Lara Kajs
Thinking Out Loud
The humanitarian crisis unfolding across Cuba cannot be understood solely through the lens of domestic governance failure or economic mismanagement. It is also inseparable from a decades-long system of external economic pressure that has increasingly targeted the country’s energy access, financial systems, trade capacity, and international economic relationships. What began during the Cold War as a strategy of containment has evolved into one of the most enduring sanctions regimes in modern history, with profound consequences for civilian life on the island.
Today, Cuba faces widespread blackouts, collapsing infrastructure, severe shortages of food and medicine, and one of the largest migration waves in its modern history. While the Cuban government bears responsibility for internal political repression, economic centralization, and systemic inefficiencies, the broader humanitarian crisis has also been shaped by external policies explicitly designed to weaken the Cuban state through sustained economic deprivation.

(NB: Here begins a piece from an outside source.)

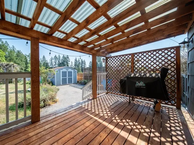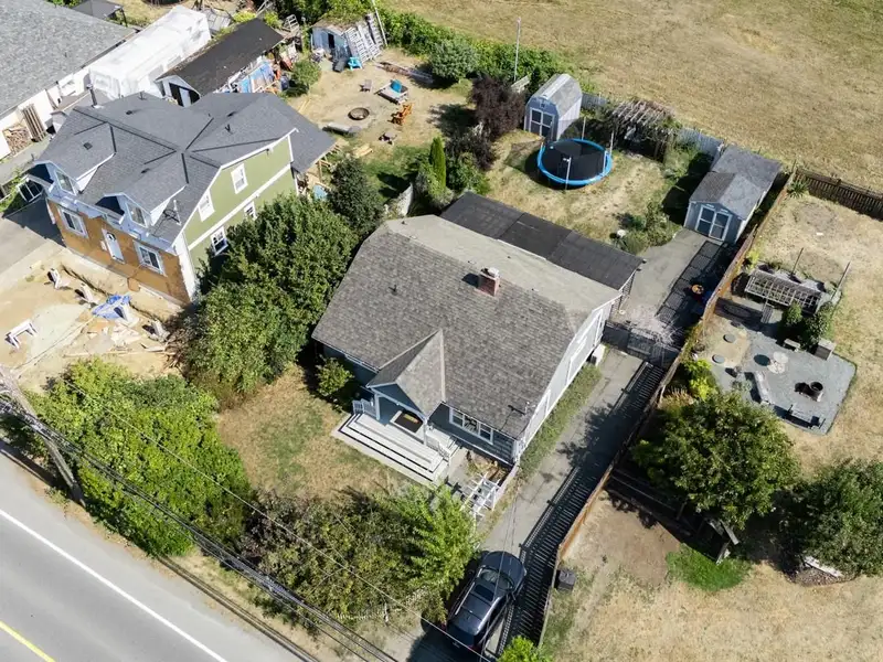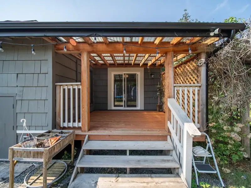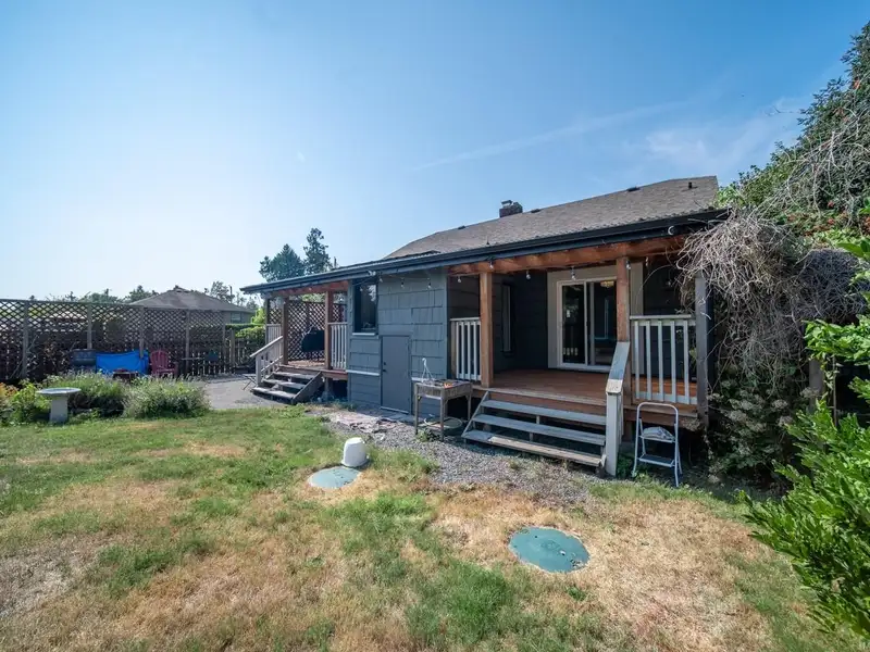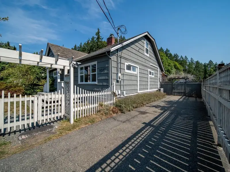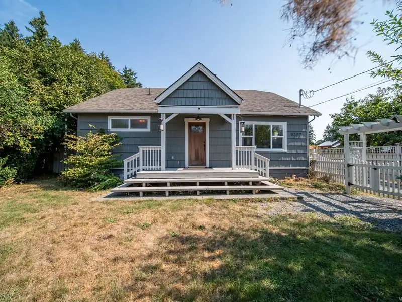 Welcome to 9387 Chemainus Road, a charming 3-bedroom, 1-bath home on a spacious 7,405 sq ft lot backing onto a private acreage for a peaceful setting. The inviting living room with a cozy gas fireplace flows into the bright kitchen with eating nook, leading to a sunroom and covered patio overlooking the large backyard. A 4-piece bath with soaker tub, office area, and primary bedroom with its own covered patio complete the main floor. Upstairs offers two bedrooms and an electric fireplace for warmth and character. Outside, enjoy a detached workshop and ample space for hobbies or storage. With multiple patio areas, a generous yard, and backing onto nature, this property is perfect for those who value indoor-outdoor living. Efficiently heated and cooled with a heat pump, this home combines comfort, charm, and privacy in the heart of Chemainus.

The deeper issue is not whether sanctions create pressure. They clearly do. The question is whether policies built on economic coercion can remain morally and strategically justified when civilian populations absorb the overwhelming burden of the consequences over generations.
The Long Shadow of 1959
The modern U.S.-Cuba relationship remains heavily shaped by the political rupture that followed Fidel Castro’s 1959 revolution and the collapse of the U.S.-backed Batista government. After Castro nationalized major industries and expropriated American-owned assets, Washington responded with escalating economic restrictions that eventually evolved into a comprehensive embargo formalized in 1962.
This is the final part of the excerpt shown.